- The problem: Retype the records below from their first line through the line holding "AI Generated. Explosive", including both ends and no pictures.

Collected data entries:
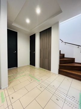 玄関ホールです。照明が優しく温かい空間を演出。広々としており毎日の出入りも快適です。 -
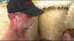 Este casal de avós gosta de transar ao ar livre e são muit criativos no celeiro. Veja como ele fode essa doce avó
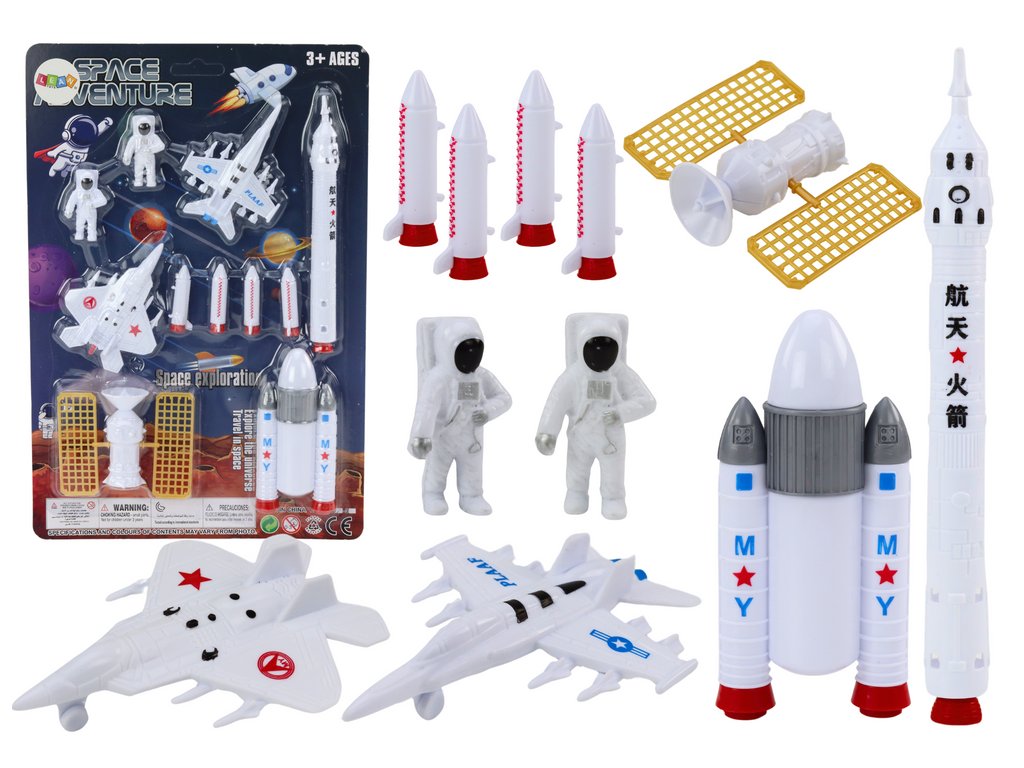 Setul include figuri de cosmonauți în costume spațiale unice. Pe lângă cosmonauți, setul include și rachete de diferite dimensiuni și forme.
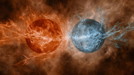 AI Generated. Explosive clash of blue and orange lights in darkness represents the dynamic conflict between light and darkness
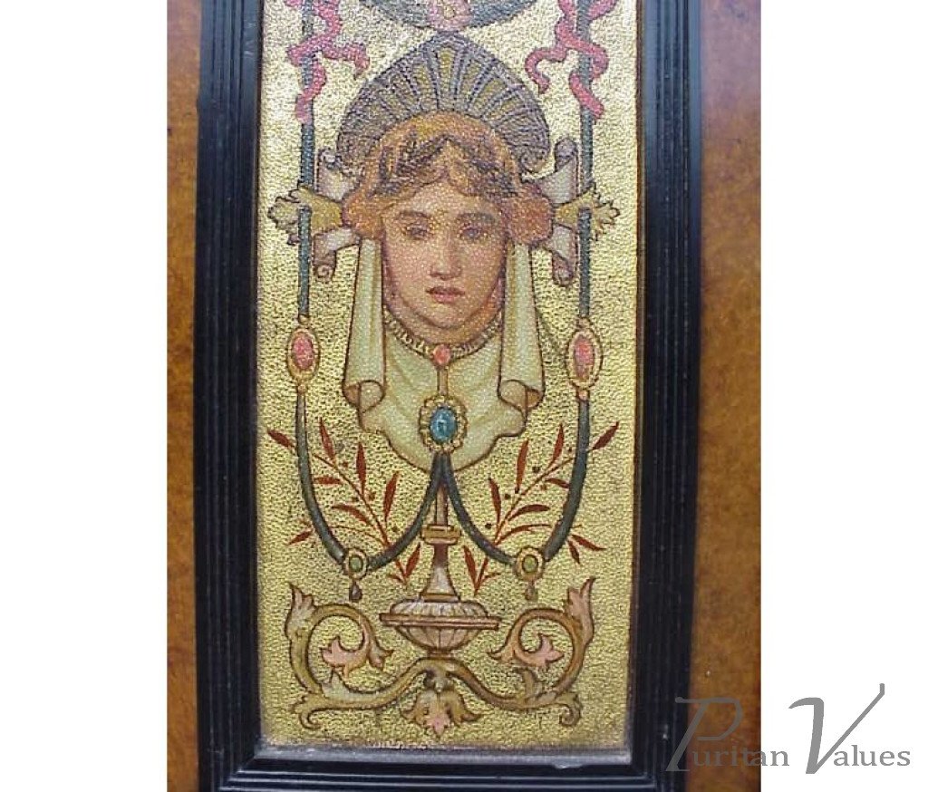 Daniel Cottier attributed. An impressive Aesthetic Movement ebonised cabinet for semi-fixing, with a gentle play of upper open shelves with turned uprights and turned legs and decorative brass beadings, gilt highlights, amboyna inlay to the central drawer and doors with painted panels of maidens amidst classical swags in the Greek style. The handles and hinges are identical to those used on many pieces designed by Talbert and made by Gillows. Circa 1870's. Height 75", Width 29 3/4", Depth 13".
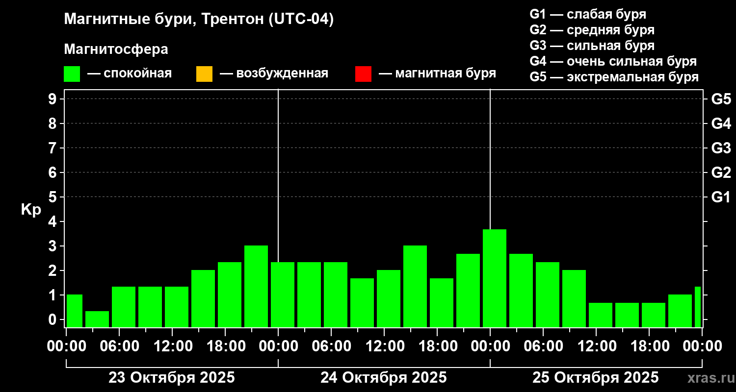 Магнитные бури в Трентоне 25 октября 2025 года
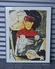 Farvelitografi af Svend Engelund - Pige ved morgenbordet.

- Exercise output:
 玄関ホールです。照明が優しく温かい空間を演出。広々としており毎日の出入りも快適です。 -
 Este casal de avós gosta de transar ao ar livre e são muit criativos no celeiro. Veja como ele fode essa doce avó
 Setul include figuri de cosmonauți în costume spațiale unice. Pe lângă cosmonauți, setul include și rachete de diferite dimensiuni și forme.
 AI Generated. Explosive clash of blue and orange lights in darkness represents the dynamic conflict between light and darkness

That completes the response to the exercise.